# unsup-queries-data

**Repository Path**: mirrors_deepmind/unsup-queries-data

## Basic Information

- **Project Name**: unsup-queries-data
- **Description**: Unsupervised Data Generated for GeoQuery and SAIL Datasets
- **Primary Language**: Unknown
- **License**: GPL-2.0
- **Default Branch**: master
- **Homepage**: None
- **GVP Project**: No

## Statistics

- **Stars**: 0
- **Forks**: 0
- **Created**: 2021-02-27
- **Last Updated**: 2025-09-14

## Categories & Tags

**Categories**: Uncategorized

**Tags**: None

## README

# Unsupervised Data Generated for GeoQuery and SAIL Datasets

This repository contains the generated unsupervised data for GeoQuery and SAIL
semantic parsing tasks.

For a detailed description of this see below and in the paper
[Semantic Parsing with Semi-Supervised Sequential Autoencoders](https://arxiv.org/abs/1609.09315),
Kočiský et al., EMNLP 2016.  Please cite the paper if you use this corpus in
your work.


### Bibtex

```
@inproceedings{emnlp16_kocisky,
author = {Tom\'a\v s Ko\v cisk\'y and G\'abor Melis and Edward Grefenstette and Chris Dyer and Wang Ling and Phil Blunsom and Karl Moritz Hermann},
title = {Semantic Parsing with Semi-Supervised Sequential Autoencoders},
url = {https://arxiv.org/abs/1609.09315},
booktitle = "Proceedings of the 2016 Conference on Empirical Methods in Natural Language Processing (EMNLP)",
year = "2016",
}
```


### GeoQuery Data

For GeoQuery, we fit a 3-gram Kneser-Ney model to the queries in the training
set and sample about 7 million queries from it.
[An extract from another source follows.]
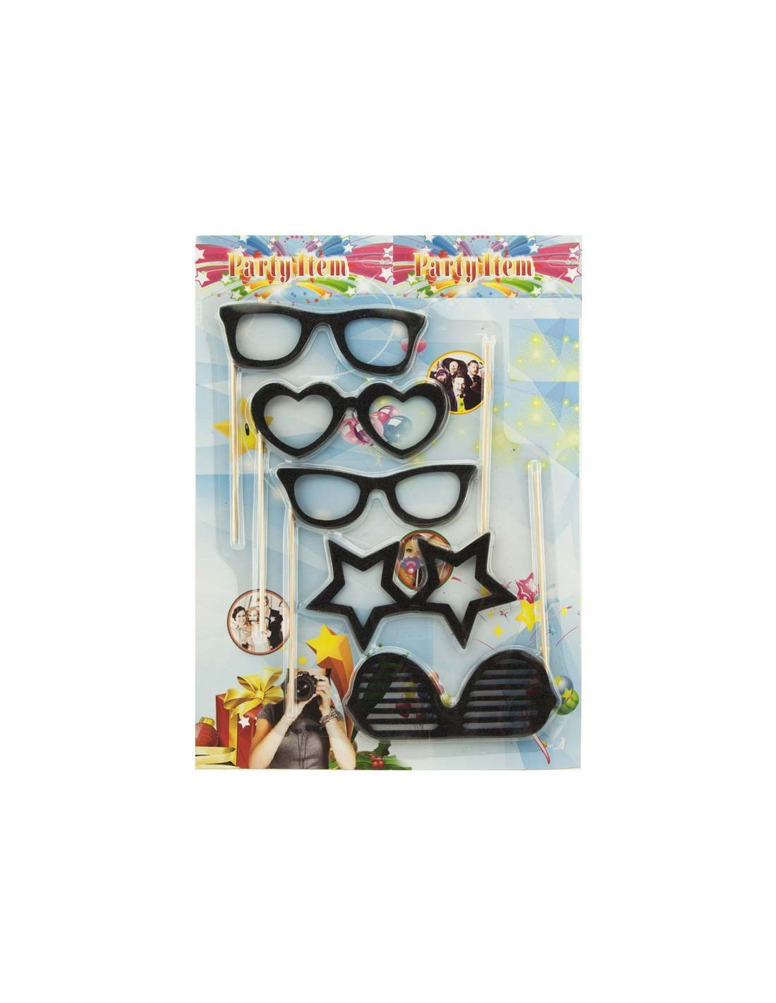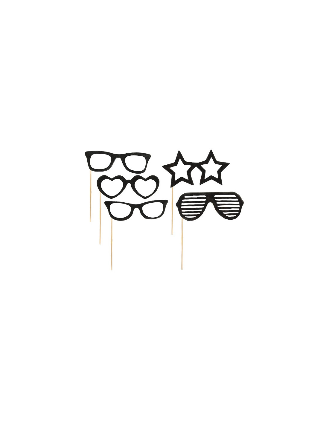 El set photocall gafas incluye 5 antifaces con forma de gafas en distintos modelos hechos de goma eva negra con purpurina y con un palo de madera para sujetar.

We ensure that the sampled
queries are different from the training queries, but do not enforce validity.


### SAIL Data

For this task we hand designed a maze by trying to approximately replicate the
key statistics of the existing mazes (corridor lengths, number and types of
intersections, object distribution).

#### Path navigation action sequences

To approximate the distribution of instruction sequences that correspond to
utterances in the SAIL dataset, we selected randomly a starting point, an ending
point, and a starting and ending orientation in the hand-designed maze. We then
found the shortest action sequence between the two points. The sequence was then
segmented into roughly utterance-sized instructions using heuristic rules.